SmolAgents

Adapter implementing commonly used functions for the HuggingFace smolagents package.

Installation

pip install maseval[smolagents]

Alternatively, install smolagents directly:

pip install smolagents

API Reference

View source

SmolAgentAdapter

Bases: AgentAdapter

An AgentAdapter for HuggingFace smolagents MultiStepAgent.

This adapter integrates smolagents' MultiStepAgent with MASEval's benchmarking framework, converting smolagents' internal message format to OpenAI-compatible MessageHistory format. It automatically tracks tool calls, tool responses, agent reasoning steps, and provides comprehensive execution monitoring through smolagents' built-in memory system.

The adapter leverages smolagents' native memory storage as the source of truth, dynamically fetching messages, logs, and execution traces from the agent's internal state. This ensures accurate tracking of tool usage, timing, and token consumption without additional overhead.

How to use

Create a smolagents agent with tools and configuration
Wrap with SmolAgentAdapter to enable MASEval integration
Use in benchmarks or call directly for testing
Access traces and config for analysis and debugging

Example workflow:

from maseval.interface.agents.smolagents import SmolAgentAdapter
from smolagents import MultiStepAgent, ToolCallingAgent
from smolagents.tools import DuckDuckGoSearchTool

# Create a smolagents agent
agent = ToolCallingAgent(
    tools=[DuckDuckGoSearchTool()],
    model="gpt-4",
    max_steps=10
)

# Wrap with adapter
agent_adapter = SmolAgentAdapter(agent, name="search_agent")

# Run agent
result = agent_adapter.run("What's the latest news on AI?")

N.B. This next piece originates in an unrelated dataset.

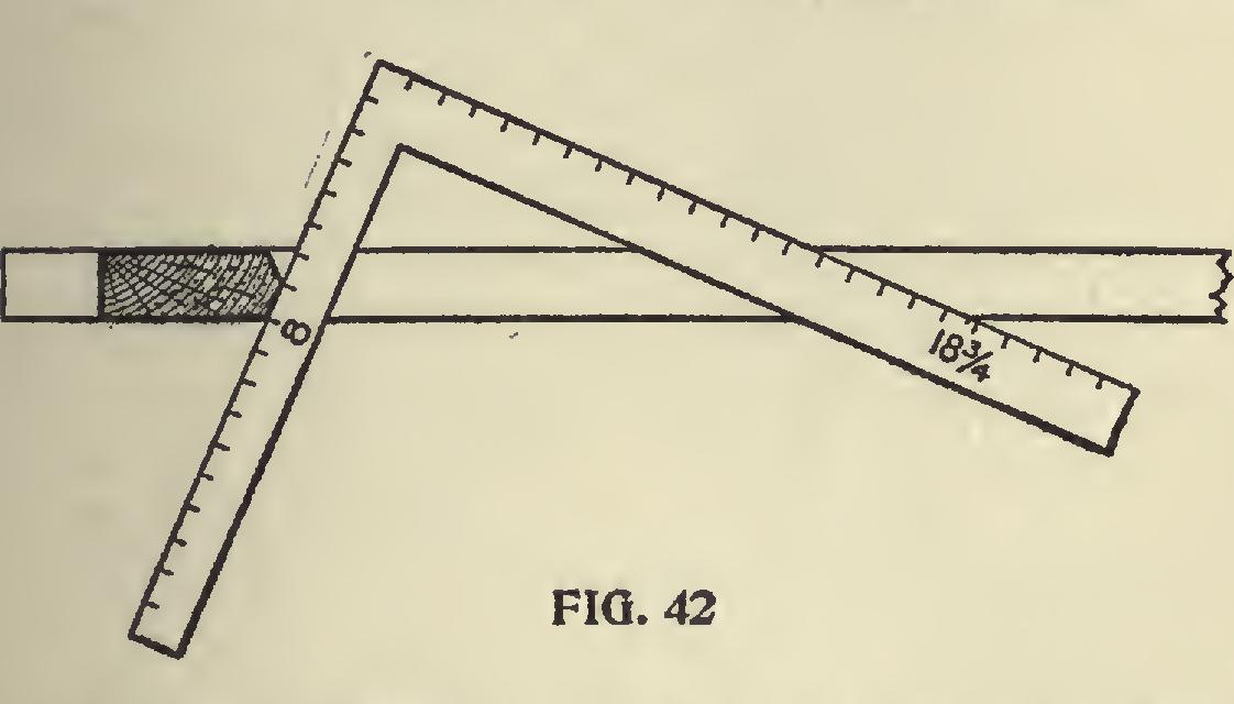 angle where it meets the ridge pole would be an angle of 45 degrees, but when a slope is given this angle becomes more acute. The rule is, take the length of the hip on the blade and its run on the tongue, the blade gives the cut or take 17 on the tongue and 18i on the blade, blade gives the cut as shown in Fig. 41.

# Access message history in OpenAI format
for msg in agent_adapter.get_messages():
    print(f"{msg['role']}: {msg['content']}")

# Gather aggregated usage
usage = agent_adapter.gather_usage()
print(f"Total tokens: {usage.total_tokens}")

# Gather execution traces with timing
traces = agent_adapter.gather_traces()
print(f"Total duration: {traces['total_duration_seconds']}s")

# Use in benchmark
benchmark = MyBenchmark(agent_data={"agent": agent_adapter})
results = benchmark.run(tasks)

The adapter automatically converts smolagents' ActionStep and PlanningStep objects into structured logs, preserving timing, token usage, tool calls, and error information.

Message Format

smolagents uses its own message format. The adapter converts to maseval / OpenAI format.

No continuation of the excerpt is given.